A surgical instrument the size of a dinner plate was found inside a woman’s stomach 18 months after her baby was born by caesarean section, according to a report from New Zealand’s Health and Disability Commissioner.
The Alexis Retractor, or AWR, which can measure 17cm (6in) in diameter, was left inside the mother’s body after her baby was born at Auckland City Hospital in 2020.
The AWR device is a retractable cylindrical device with a transparent layer used to pull back wound edges during surgery.
The woman suffered from chronic pain for months and had several tests to find out what was wrong, including X-rays that showed no sign of the device. The pain became so severe that she visited the hospital’s emergency department and the device was discovered via a CT scan of the abdomen and promptly removed in 2021.
New Zealand’s Health and Disability Commissioner, Morag McDowell, found Te Watu Ora Auckland – the Auckland District Health Board – in breach of the Patients’ Rights Act, in a report released on Monday.
The health board initially claimed that the nurse, who was in her 20s, and who was caring for the woman during the caesarean section, had failed to exercise reasonable skill and care towards the patient.
“As set out in my report, care fell well below the appropriate level in this case and resulted in a prolonged period of distress for the woman,” McDowell said. “There should have been systems in place to prevent this from happening.”

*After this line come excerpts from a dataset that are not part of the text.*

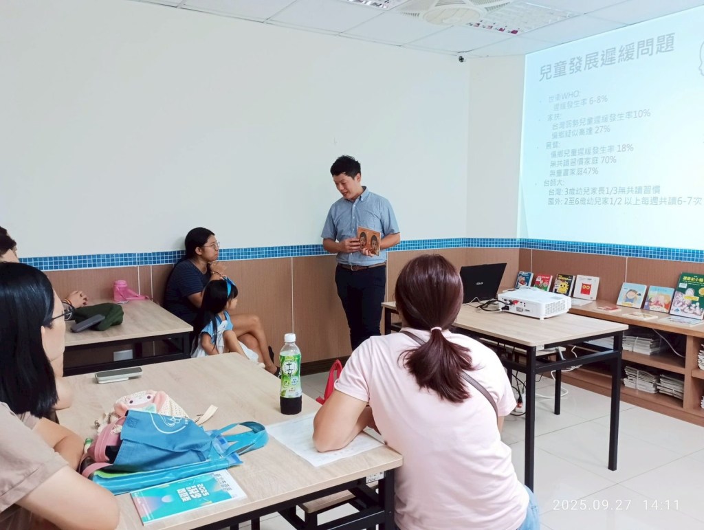 推廣嬰幼兒閱讀的列出來到新北市圖青少年圖書館,展臂閱讀陳宥達理事長親自向家長分享如何在孩童不同成長階段,選對繪本、讀出生活共鳴,讓共讀真正貼近孩子的生活與發展節奏。
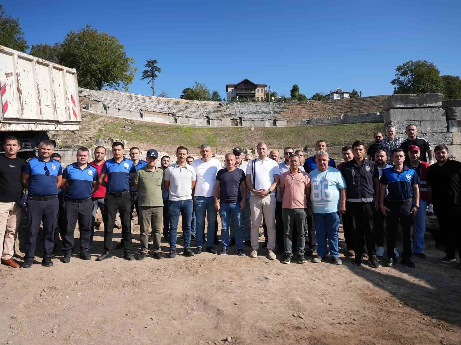 Batı Karadeniz bölgesinin tek antik kenti Prusias Ad Hypium antik kentinde kazı çalışmalarına bu sefer Düzce Belediyesi Zabıta Müdürlüğü ekipleri katılım sağlayarak, tarihi dokunuşa el attı.
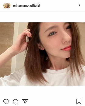 自撮り写真をアップしながら「アイシャドウはブラウン系」「目尻だけ跳ね上げライン」「マスカラ無し」「リップはマット系」とメイクについて説明。「よくするパパッとメイク!」と明かし、ハッシュタグでは「#セルフメイク」と添えた。
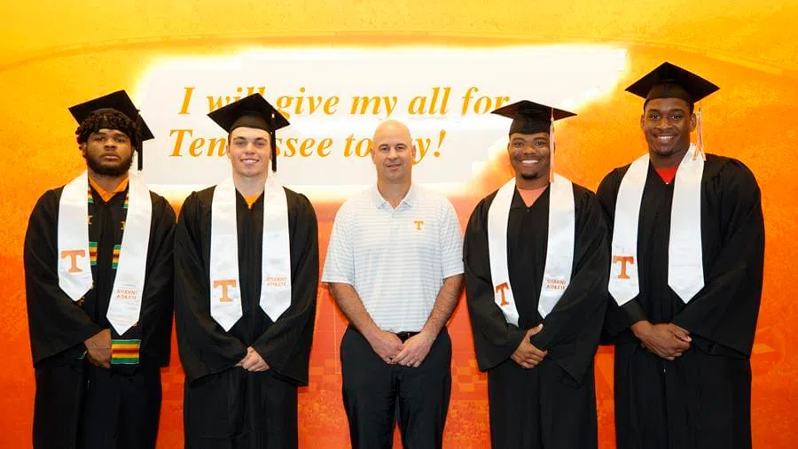 Tennessee Football graduates with coach Jeremy Pruitt / Credit: UT Athletics KNOXVILLE, Tenn. - Led by the Southeastern Conference's male scholar-athlete of the year and six Vols expected to suit up t...
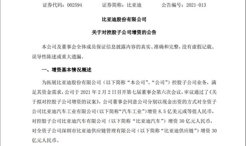 就在宁德时代宣布扩产的同日,另一家新能源汽车龙头比亚迪(002594)也公布了合计68.5亿元的增资计划。公告称,公司拟分别以现金的方式对全资子公司比亚迪汽车工业有限公司增资8.5亿美元或等值人民币,对控股子公司比亚迪汽车有限公司增资30亿元人民币,对全资子公司深圳市比亚迪供应链管理有限公司增资30亿元人民币,上述增资金额将分别全额计入子公司注册资本。比亚迪方面表示,上述增资乃根据公司正常生产经营的需要,有利于子公司更好地发展其业务。
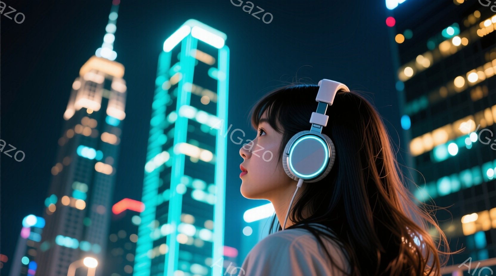 長い黒髪の女性がヘッドホンをつけて夜景を見つめている。彼女は肩から見える赤い服を着ており、横顔は穏やかで少し憂いを帯びている。背景には、ネオンライトで輝く高層ビル群が広がり、都市の夜の喧騒と静寂が混ざり合った雰囲気を醸し出している。
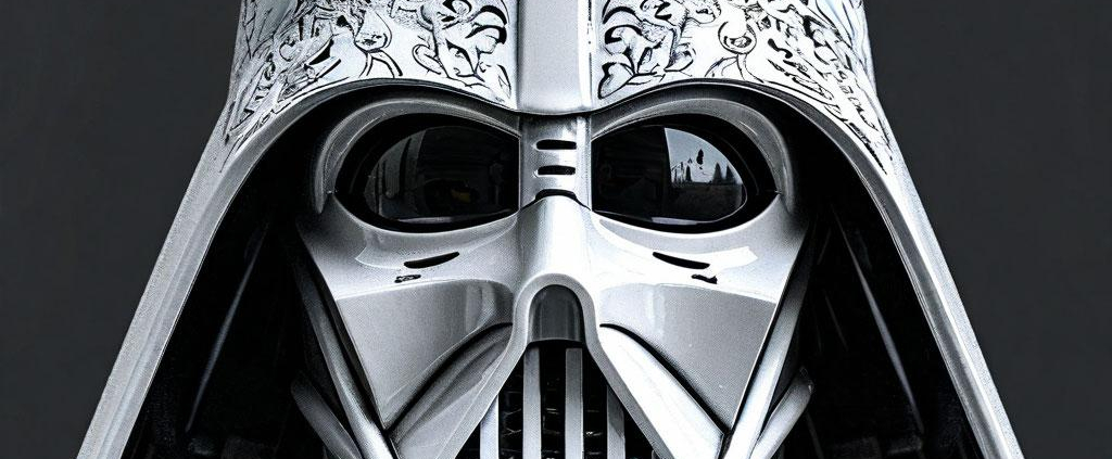 A hyper-realistic 4K portrait of a white porcelain Darth Vader mask
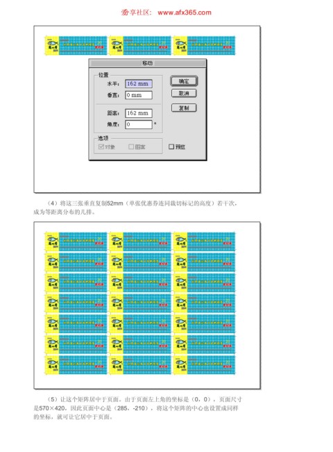 双面单页 ιٳཚഠ XXX BGY DPN 页码,9/12 (4)将这三张垂直复制52mm(单张优惠券连同裁切标记的高度)若干次, 成为等距离分布的几排。 (5)让这个矩阵居中于页面。由于页面左上角的坐标是(0,0),页面尺寸 是570×420,因此页面中心是(285,-210),将这个矩阵的中心也设置成同样 的坐标,就可让它居中于页面。 https://www.antssoft.com/11-3.htm 2009-5-9
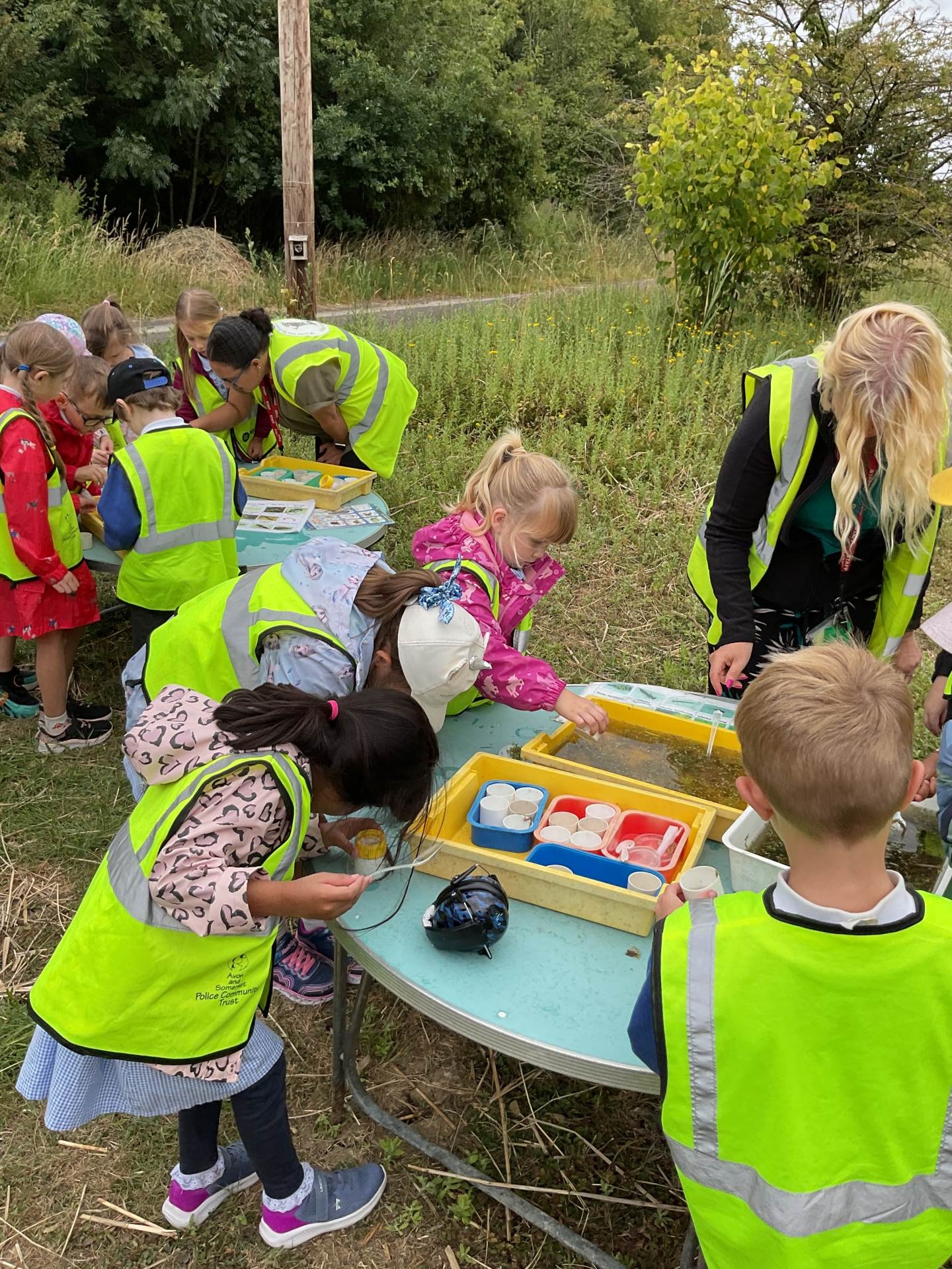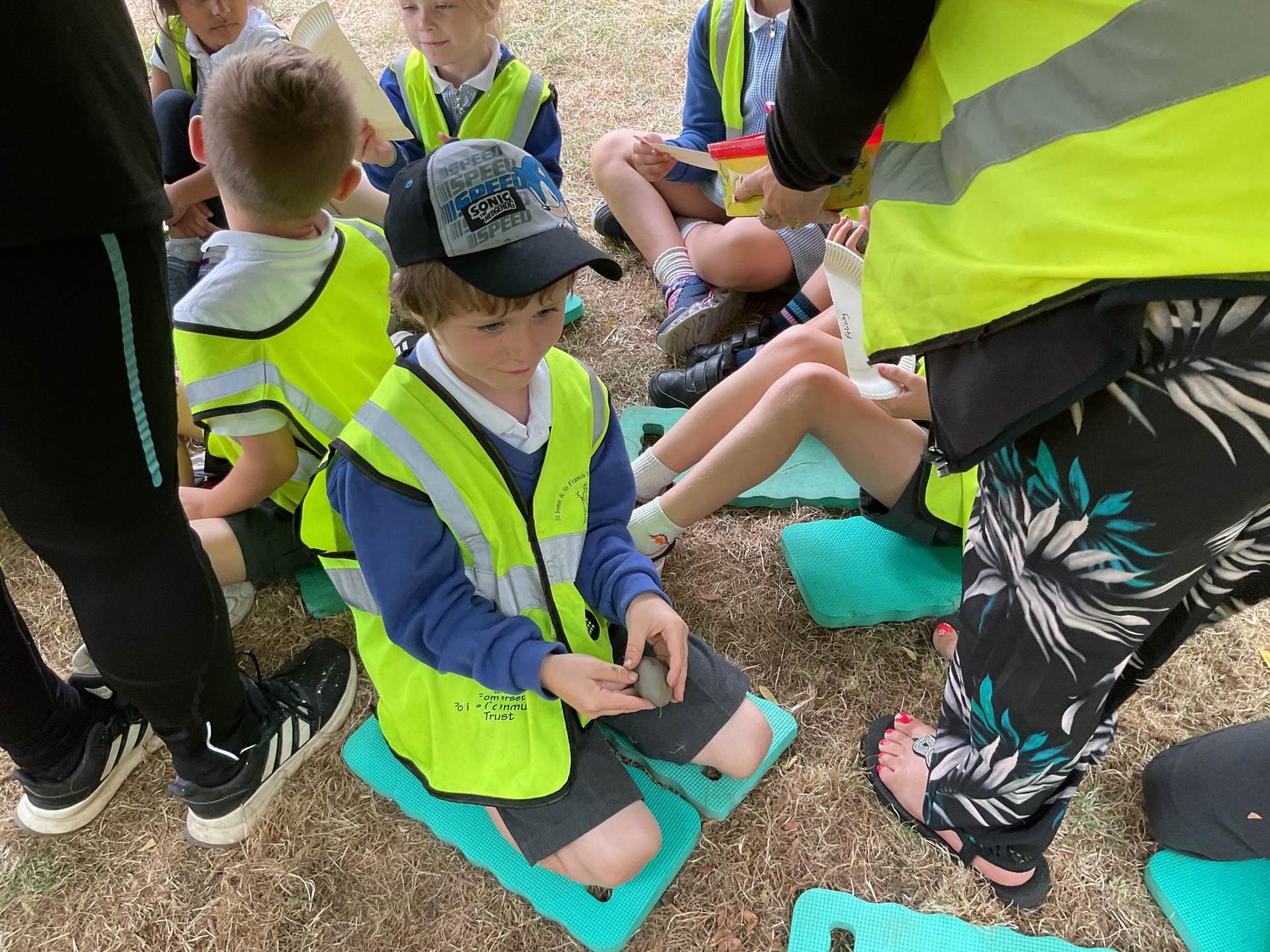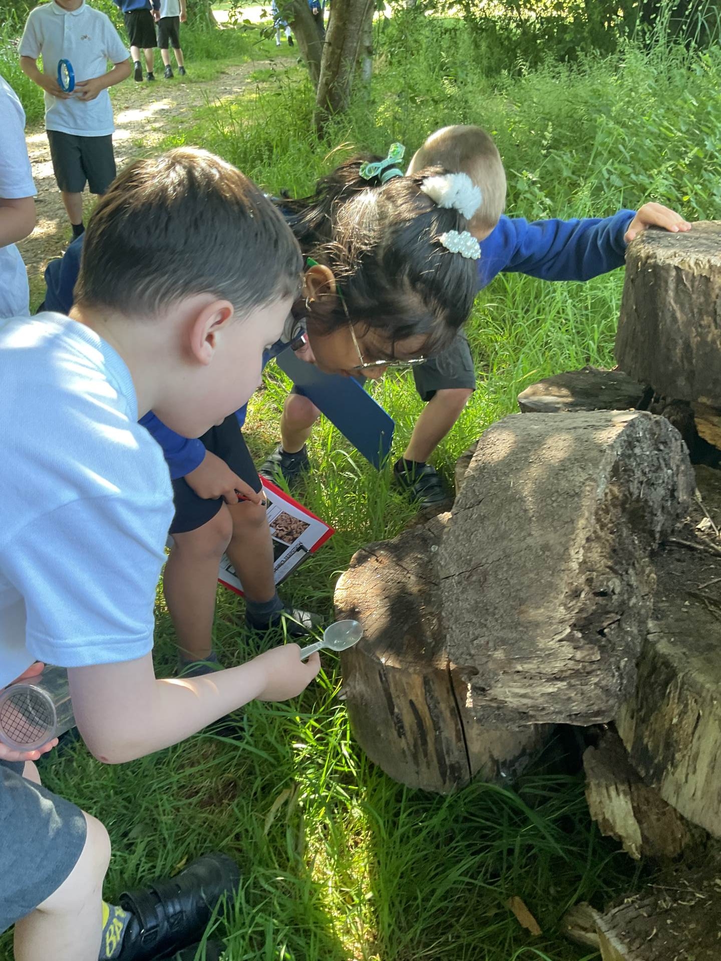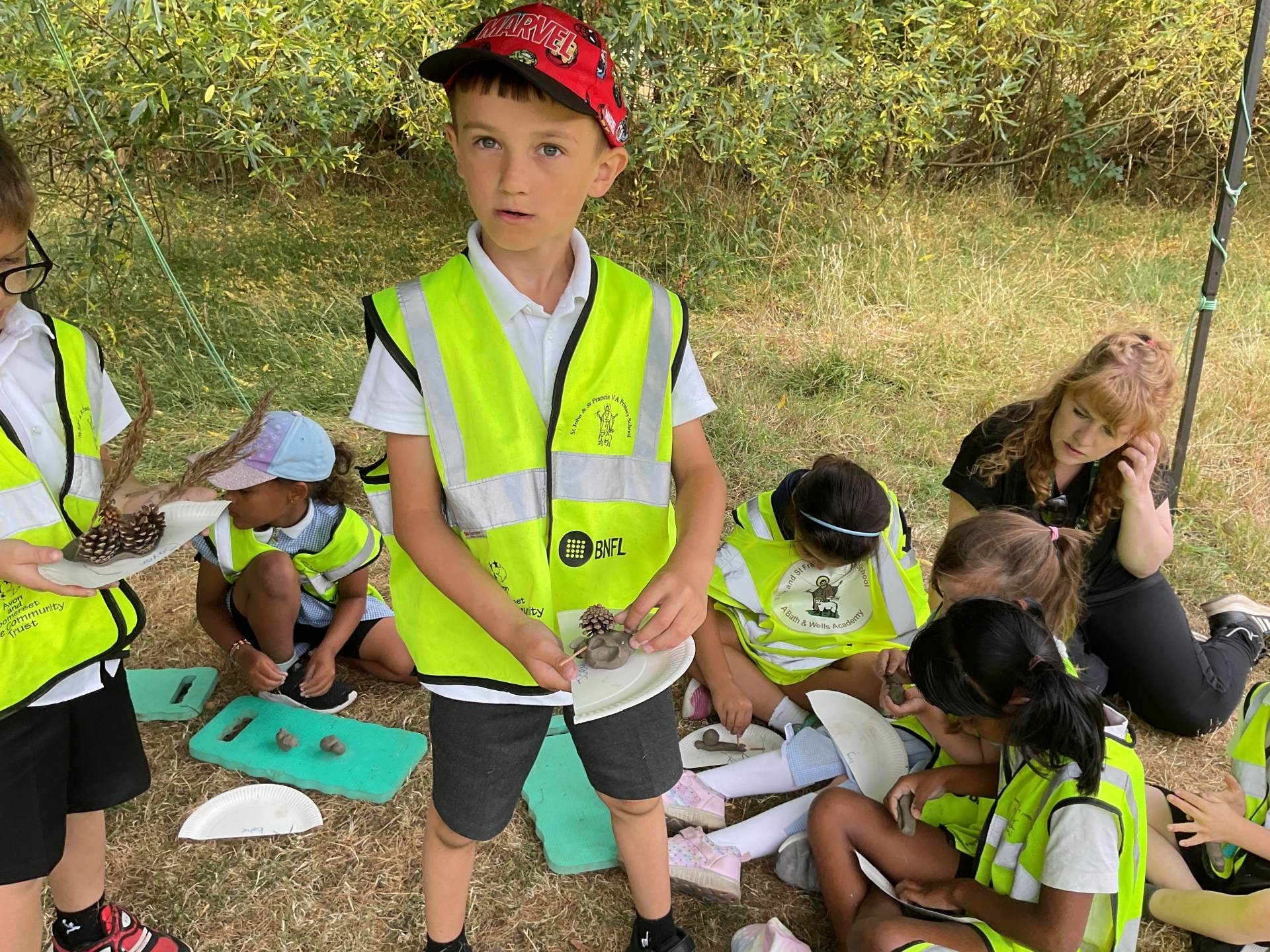 We spent the day exploring the meadow and pond habitats to find the minibeasts that live there. We played games, did some pond water dipping, and used special nets to look what was in the long grass. We used magnifying glasses to take a closer look and even made clay creatures to take home.

The report explained that the woman underwent a scheduled cesarean section due to concerns about placenta previa, a problem during pregnancy when the placenta completely or partially covers the opening of the uterus.
During the operation in 2020, the committee’s report found that the count of all surgical instruments used in the operation did not include AWR. A nurse told the committee that this was probably “due to the fact that the Alexis retractor does not go completely into the wound, as half of the retractor would have to remain outside the patient and would therefore not be at risk of retention.”
McDowell recommended the Auckland District Health Board provide a written apology to the woman and review its policies by including AWRs as part of the surgical count.
The case has also been referred to the Action Manager, who will determine whether any further action should be taken.
Dr Mike Shepherd, Te Whatu Ora Health New Zealand group operations director at Te Toka Tumai Auckland, apologized for the error in a statement.
“On behalf of our Women’s Health Service at Te Toka Tomai Auckland and Te Watu Ora, I would like to say how sorry we are for what happened to the patient, and acknowledge the impact this will have on her and her family. [family group]”.
“We would like to assure the public that such incidents are extremely rare, and we remain confident in the quality of our surgical and maternity care.”